Морской ветер

Анатолий Гусев 3
       Той осенью на озере в небрежном поселке мы отдыхали втроем. Вернее сказать, мы отдыхали с ней вдвоем, и он отдыхал с нами. Он был взрослее меня, но вел себя так, так, как будто я был его старшим братом. Он был опытнее меня, пережил больше. Но даже в кино, когда мы втроем смотрели комедию, он в смешном месте начинал смеяться чуть позже меня – на миллисекунду позже, словно ловил мою эмоцию, убеждался, что его собственная созвучна моей, и он может уверенно хохотать.

Я думаю, он любил ее. Нет, это не был треугольник. Он любил ее по-другому, чем любит мужчина. И по-другому, чем я. Ему, как коту, было уютно рядом с нами. Как тому коту, который ложится в коридоре на равном расстоянии от комнат, в одной из которых нахожусь я, в другой – она. Да, он любил ее. Это было видно, как он делает яичницу утром, наслаждаясь, что она рядом сидит с газетой и нараспев – словно стихи – читает программу телепередач. Он наслаждался тем, что мы сидим рядом с ним оба. Но я готовил удочки, чтобы пойти на утреннюю рыбалку. А он рассказывал ей, как в армии делал яичницу из яиц, которые украдкой приносила ему венгерка из села, где стояла их танковая часть.

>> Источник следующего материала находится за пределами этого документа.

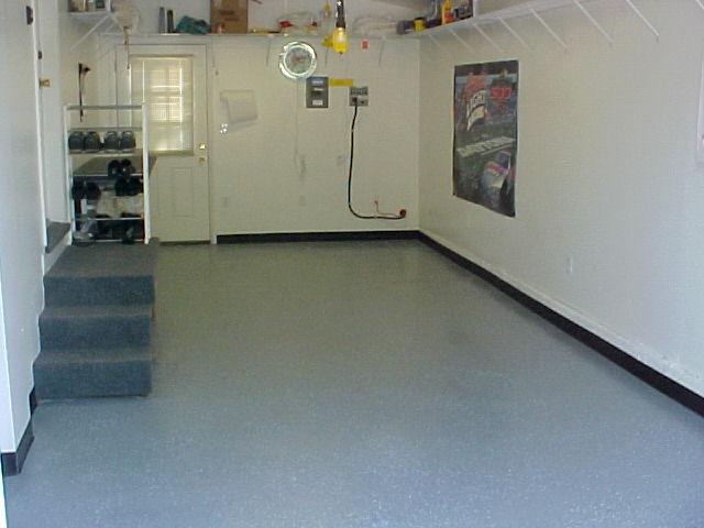The Garage is finally done! Just over 6 months from start to finish. Installed the Cove Base this morning and adjusted the overhead door to close onto the new floor. The new floor looks pretty good against the black Cove Base.
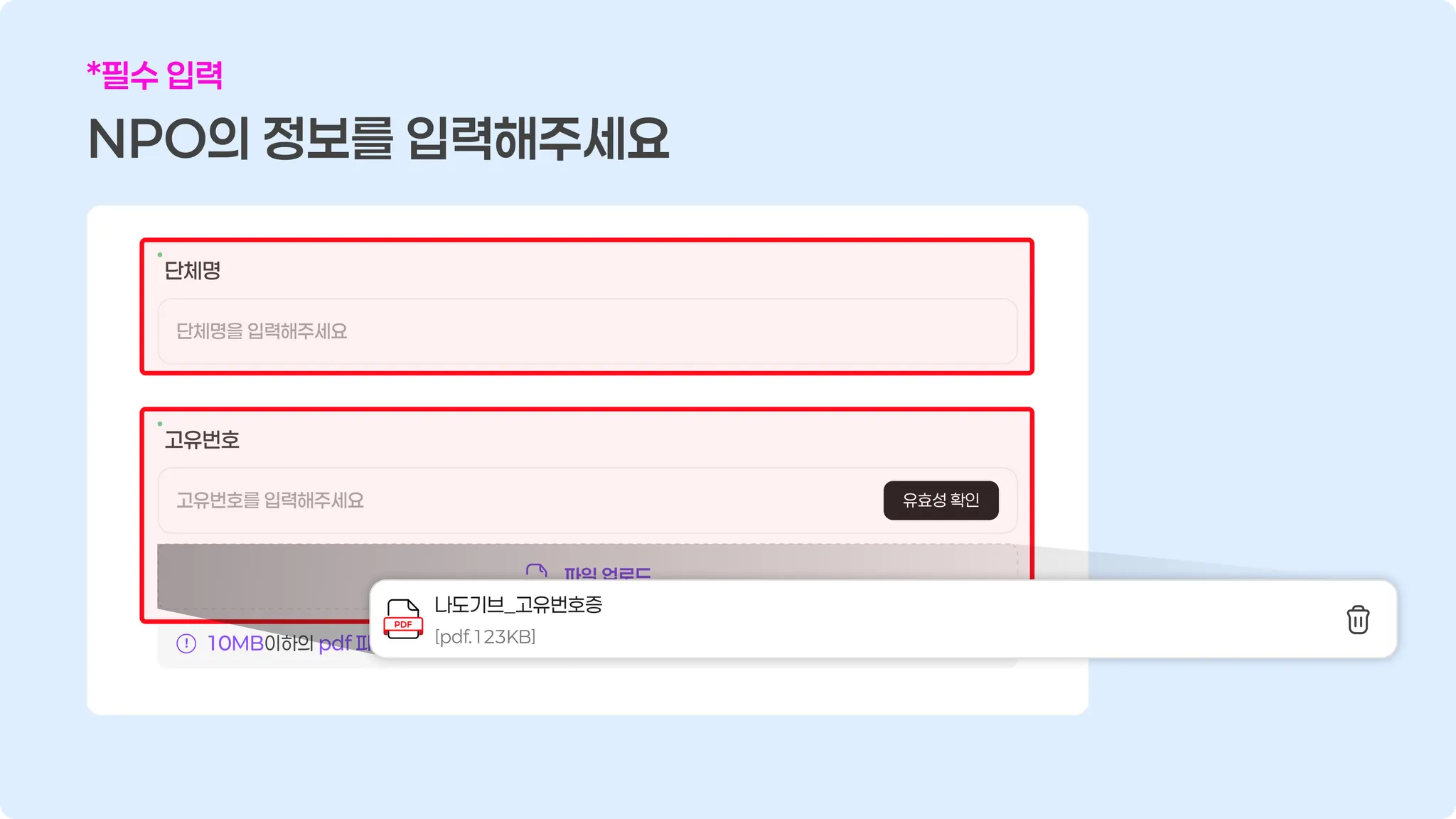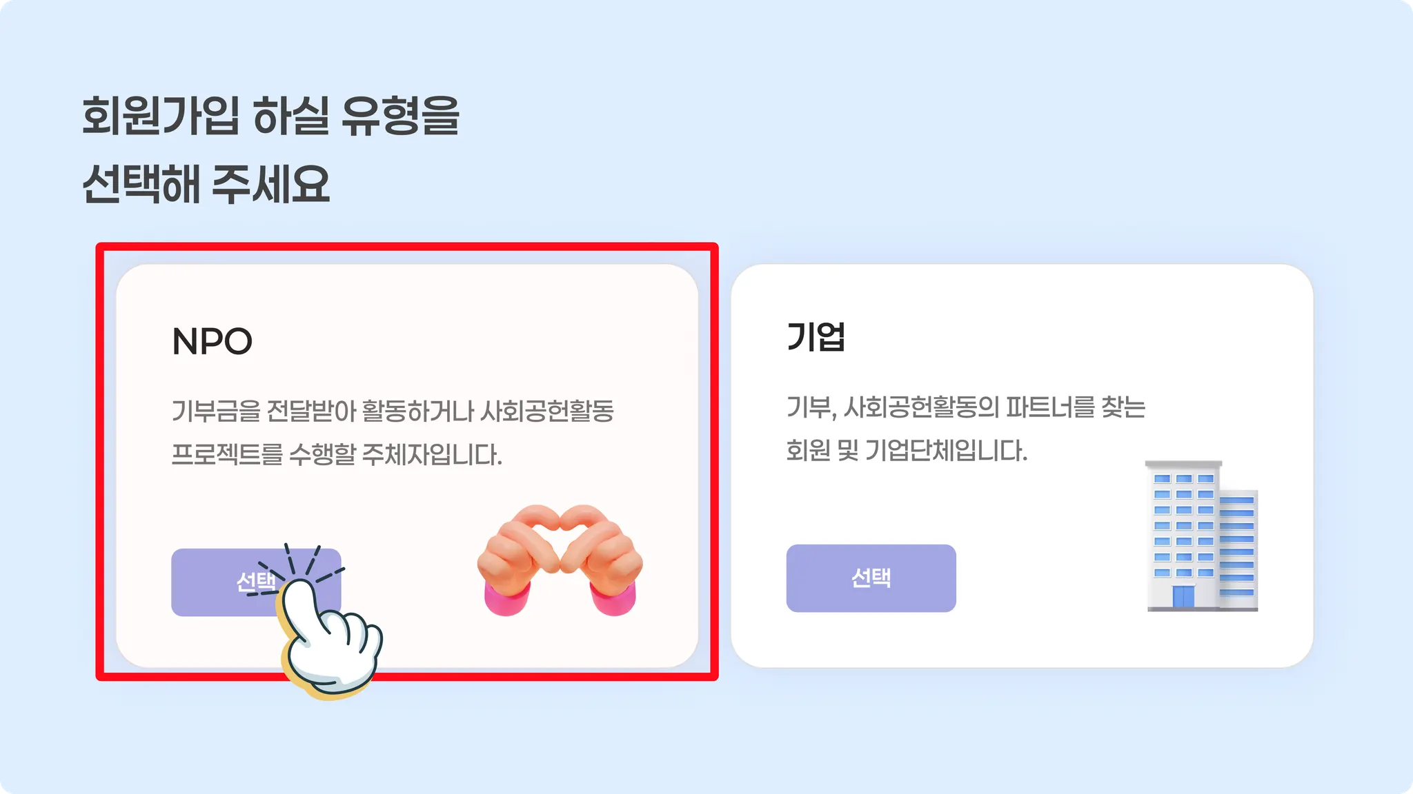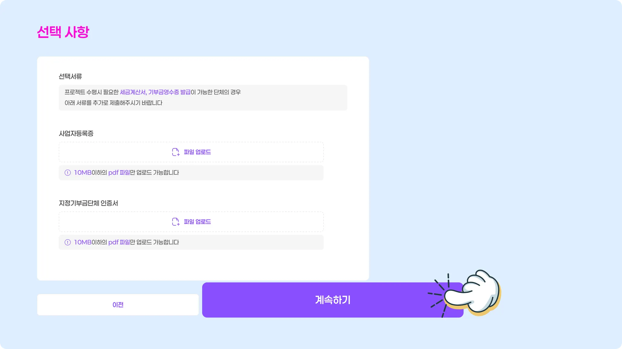 사업자등록증과 지정기부금단체 인증서는 선택서류이고, 가입 이후에 마이페이지에서

Он делал яичницу для нас троих, но бережно нарезал помидоры, но аккуратно сыпал в сковороду кинзу для нее.

         Он любил нас. А я, наверное, любил ее. Я пытаюсь это почувствовать, вспоминая свое восхищение от того, как она боролась с газетой, с которой на равных с ней боролся морской ветер (да, это было не озеро, это было море). Я пытаюсь нащупать это чувство, вспоминая свою гордость, когда приносил ведерко рыбы, и она доставала из ведра серебристую добычу, каждым движением рук восхищаясь тем, какие рыбины большие и красивые. Я пытаюсь понять это, вспоминая свои ощущения, когда я – словно забывшись, позволял где-нибудь на людях своей нескромной руке совершенно непозволительное действие, а она с почти искренним испугом мою руку отталкивала. Но так отталкивала, что тем, кто в это время видел нас, становилось ясно, насколько я нескромен, а она испугана. И светилось в этом испуге столько заметной женской хитрости, что было вовсе не обязательно смотреть ей в глаза, чтобы понять, что я, наверное, ее очень люблю.

А он любил нас. На берегу он сидел чуть поодаль и грелся от того, что, не видя и не слыша нас, как бы решает этюд на запачканной песком шахматной доске.  Но никогда не доходил до шаха,  уплывая взглядом с напряженным птичьим крылом.

Да… Но романа не получилось. По двум причинам. Первая – она исчезла. Нет, здесь нет даже затравки для привычной читателю интриги. Ее просто не стало с нами. Я даже не могу написать, мол, она уехала. Мы не ссорились. И отпуск у нее не кончался, если она была в отпуске, в чем я не уверен.

Ее не стало. И уже к вечеру морской вечер не шелестел газетой, наверное, потому, что это все же было озеро, а не море. И газета уже не пахла ее руками.

Я сказал ему, поедем со мной, ну, например, в Круловец (почему бы и не в Круловец?). Он, не вдумываясь в это движение, покачал головой. Не было в этом движении  нежелания ехать со мной. Было легкое недоумение, что мы там вдвоем будем делать.

       – Нет,  я лучше останусь здесь. С вами.

       Не знаю, куда уехал я. Романа не получилось. Я не написал его. Каждый вечер, выключив новости, я  закрываю глаза и пытаюсь начать его. Но не получается – просто обычно  я превращаюсь в морской ветер и улетаю туда. К нам.